1. Aux termes de l'article L. 521-1 du code de justice administrative : " Quand une décision administrative, même de rejet, fait l'objet d'une requête en annulation ou en réformation, le juge des référés, saisi d'une demande en ce sens, peut ordonner la suspension de l'exécution de cette décision, ou de certains de ses effets, lorsque l'urgence le justifie et qu'il est fait état d'un moyen propre à créer, en l'état de l'instruction, un doute sérieux quant à la légalité de la décision () ".

2. La société Ecole formations propose des formations d'aide à la décision et à la reprise d'entreprises (formations ACRE) référencées dans le cadre du dispositif du compte personnel de formation (CPF) géré par la Caisse des dépôts et consignations en application de l'article L. 6323-9 du code du travail. Par décision du 15 juin 2022, le directeur de la Formation Professionnelle et des Compétences de la Caisse des dépôts et consignations (CDC) a prononcé son déréférencement de la plate-forme " Mon compte formation " pour une durée de neuf mois au motif que la société ne respectait pas des critères d'éligibilité des formations ACRE. La société demande la suspension de l'exécution de cette décision sur le fondement des dispositions précitées de l'article L. 521-1 du code de justice administrative.

3. D'une part, il résulte de l'instruction qu'après une première information envoyée à tous les organismes de formation par un courriel du 5 avril 2022 rappelant les critères à remplir pour les actions de formation à la création et reprise d'entreprise en laissant aux organismes un délai de cinq jours pour s'y conformer, la Caisse des dépôts et consignations a notifié à la société requérante l'ouverture d'une procédure contradictoire par courrier du 5 mai 2022 prévoyant un délai de trois semaines permettant à l'organisme de formuler ses observations écrites et faire connaitre à la Caisse des dépôts et consignations les diligences prises pour remédier sans délai aux non-conformités relevées.

4. D'autre part, la décision en litige est fondée sur la circonstance que la société n'a pas justifié que les formations dispensées remplissaient les critères relatifs à la viabilité économique du projet du stagiaire et à sa capacité à l'accompagner dans son projet, à la réalité du suivi pédagogique mis en œuvre et au contenu de la formation, qui doit garantir l'apprentissage de compétences entrepreneuriales, à l'exception des gestes métiers. Or la société n'a produit aucune pièce antérieurement à la décision contestée pour justifier qu'elle respectait bien les critères précités.

5. Il résulte de tout ce qui précède qu'aucun des moyens soulevés par la société requérante n'est propre à créer un doute sérieux quant à la légalité de la décision attaquée. Par suite, sans qu'il soit nécessaire d'examiner si la condition d'urgence au sens des dispositions de l'article L. 521-1 du code de justice administrative est remplie, il y a lieu de rejeter les conclusions de la société aux fins de suspension de l'exécution de la décision attaquée ainsi que, par voie de conséquence, ses conclusions présentées au titre de l'article L. 761-1 du code de justice administrative.

6. Il n'y pas lieu dans les circonstances de l'espèce, de mettre à la charge de la société requérante le versement à la Caisse des dépôt et consignations d'une somme au titre de l'article L. 761-1 du code de justice administrative.

O R D O N N E

Article 1er : La requête de la société Ecole formations est rejetée.
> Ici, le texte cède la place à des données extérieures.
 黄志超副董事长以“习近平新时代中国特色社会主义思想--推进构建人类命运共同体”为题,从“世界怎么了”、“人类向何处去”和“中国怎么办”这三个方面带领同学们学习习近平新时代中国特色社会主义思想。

Article 2 : Les conclusions de la Caisse des dépôts et consignations tendant à l'application des dispositions de l'article L. 761-1 du code de justice administrative sont rejetées.
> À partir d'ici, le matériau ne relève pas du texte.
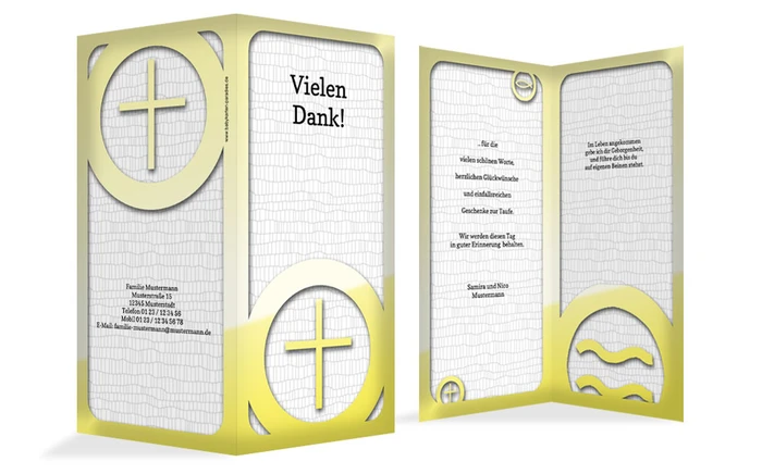 Ein Rahmen der alles zusammen hält. Bei der Dankeskarte zur Taufe Taufsymbolrahmen werden die christlichen traditionellen Symbole von einem Rahmen perfekt zusammen gehalten. Wählen Sie den vorgeschlagenen Text oder geben Sie Ihren eigenen ein.

Article 3 : La présente ordonnance sera notifiée à la société Ecole formations et la Caisse des dépôts et consignations.

Le juge des référés,

Signé : D. A

La République mande et ordonne au ministre du travail, du plein emploi et de l'insertion en ce qui le concerne ou à tous commissaires de justice à ce requis en ce qui concerne les voies de droit commun contre les parties privées, de pourvoir à l'exécution de la présente décision.